What Has Gone Wrong at Zipcar – and the UK Car-Sharing Sector Dead?
A community kitchen in Rotherhithe has been delivering a large number of cooked meals each week for two years to pensioners and needy locals in south London. Yet, their operations face major disruption by the news that they will lose access to New Year’s Day.
This organization depended on Zipcar, the car-sharing company that allowed its fleet of vehicles via smartphone. It sent shockwaves across London when it said it would cease its UK business from 1 January.
It will mean many helpers will be unable to pick up supplies from the Felix Project, which gathers surplus food from supermarkets, cafes and restaurants. Obvious alternatives are less convenient, more expensive, or lack the same flexible hours.
“The impact will be massively,” said Vimal Pandya, the community kitchen’s founder. “Personally me and my team are worried about the logistical challenge we will face. Many groups like ours are going to struggle.”
“Knowing the reality, they are all worried and thinking: ‘How will we continue?’”
A Significant Setback for Urban Car-Sharing
The community kitchen’s drivers are among over 500,000 people in London registered as car club members, now potentially left without convenient access to vehicles, without the hassle and cost of ownership. Most of those people were probably with Zipcar, which had a near-monopoly position in the city.
The planned closure, pending consultation with employees, is a serious setback to the vision that vehicle clubs in urban areas could cut the need for private vehicle ownership. Yet, some experts have noted that Zipcar’s exit need not spell the end for the idea in Britain.
The Potential of Car Sharing
Shared vehicle use is prized by many urbanists and green advocates as a way of mitigating the ills linked to vehicle ownership. Most cars sit idle on the side of the road for the vast majority of the time, occupying parking. They also involve large CO2 output to produce, and people who do not own cars tend to use active travel and take transit more. That benefits cities – reducing congestion and pollution – and boosts people’s health through increased activity.
Understanding the Decline
The company started in 2000 before its acquisition by the American rental giant Avis Budget in 2013. Zipcar’s UK income barely registered compared with its parent company's overall annual revenue, and a loss that reached £11.7m in 2024 gave no reason to continue.
Avis Budget has said the closure is part of a “broader transformation across our global operations, where we are taking targeted actions to streamline operations, improve returns”.

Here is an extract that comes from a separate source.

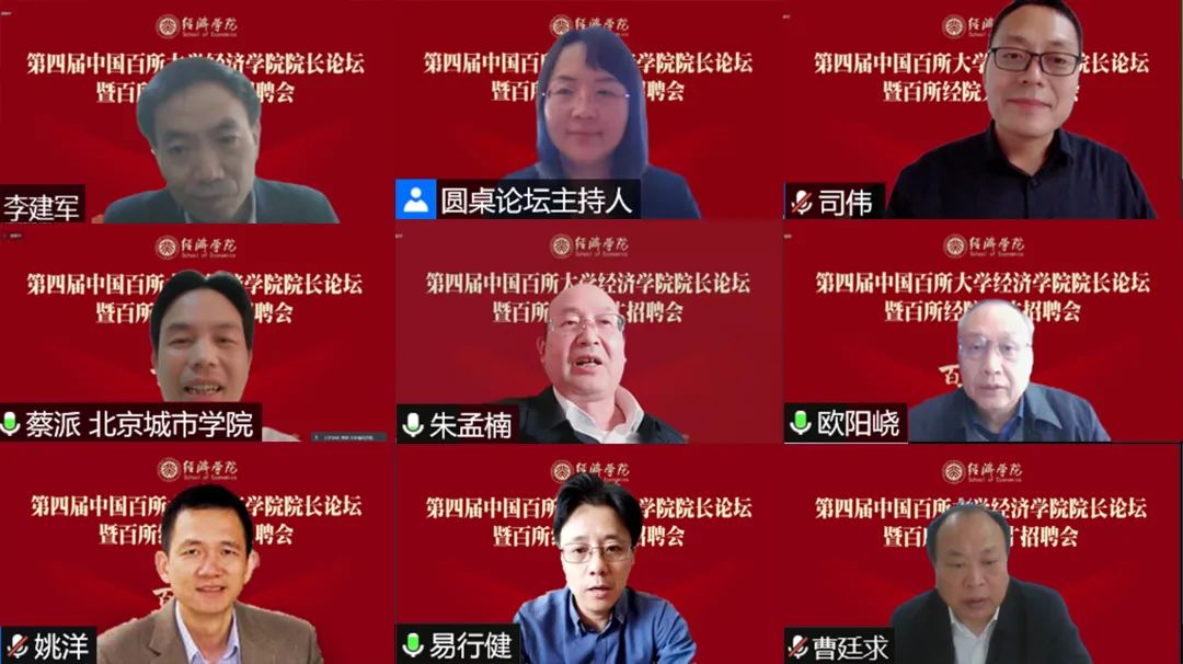 继2018年至2020年连续三年成功举办“中国百所大学2026世界杯官网院长论坛”之后,2021年12月11日,第四届“中国百所大学2026世界杯官网院长论坛” 暨“百所经院人才招聘会”在2026世界杯官网成功举办,来自全国190所院校的25位校长、211位院长出席本次论坛。论坛设立了由“中国共产党百年经济发展理论与实践”“经济学教育如何全面落实立德树人根本任务”“新征程历史使命与经济学理论创新”“经济学研究的国际化与本土化”“经济学研究如何服务国家和地方发展需求”五个主题组成的圆桌论坛。

Its latest financial reports said revenues had declined as drivers took fewer and shorter trips. “These changes reflect the ongoing impact of the cost-of-living crisis, which is dampening demand for non-essential services,” it said.
The Capital's Specific Hurdles
Yet, several experts noted that London has specific problems that made it much harder for the sector to succeed.
- Inconsistent Rules: With numerous local councils, car-club operators face a mosaic of different procedures and costs that complicate operations.
- Congestion Charge: The closure comes as electric cars start paying London’s congestion charge, adding extra expenses.
- Unequal Parking Fees: Residents in some boroughs pay just £63 for a annual electric car parking permit. A similar shared vehicle would pay over £1,100 annually, creating a significant barrier.
“Our fees should be one-twentieth of a resident’s permit,” argued Robert Schopen of Co Wheels. “We remove vehicles. We introduce cleaner models in their place.”
Lessons from Abroad
Nations in Europe offer examples for London to follow. Germany enacted national shared mobility laws in 2017, providing a nationwide framework for parking, subsidies and waivers. Now, the country has several shared cars per 10,000 people, while France has 2.1 and Belgium has 6.3. The UK lags behind at 0.7.
“The evidence shows is that shared mobility around the world, particularly on the continent, is expanding,” commented Bharath Devanathan of Invers.
Devanathan said authorities should start to treat car sharing as a form of mass transit, and link it with train and bus stations. He added that a potential operator was looking at entering the London market: “Operators will fill this gap.”
The Future Landscape
The company’s competitors can roughly be divided into two models:
- Fleet Operators: Which maintain their own cars. Examples Denmark’s GreenMobility, France’s Free2Move, and Germany’s Miles Mobility.
- Person-to-Person Rentals: Which allow users to rent out their own vehicles via an app – similar to Airbnb for cars. Players include Britain’s Hiyacar and the US’s Getaround and Turo.
Turo, a US-headquartered peer-to-peer platform, is already weighing up the UK gap. Rory Brimmer, its UK managing director, said there was a “significant chance” to win more users. “There is a void that is going to need to be filled, because London still needs to move,” Brimmer said.
Yet, it could take some time for other players to build momentum. In the meantime, more people may feel forced to buy cars, and many across London will be left without access.
For Rotherhithe community kitchen, the next month will be a scramble to find a solution. The delivery problem caused by Zipcar’s exit underscores the broader impact of its departure on community groups and the prospects of shared mobility in the UK.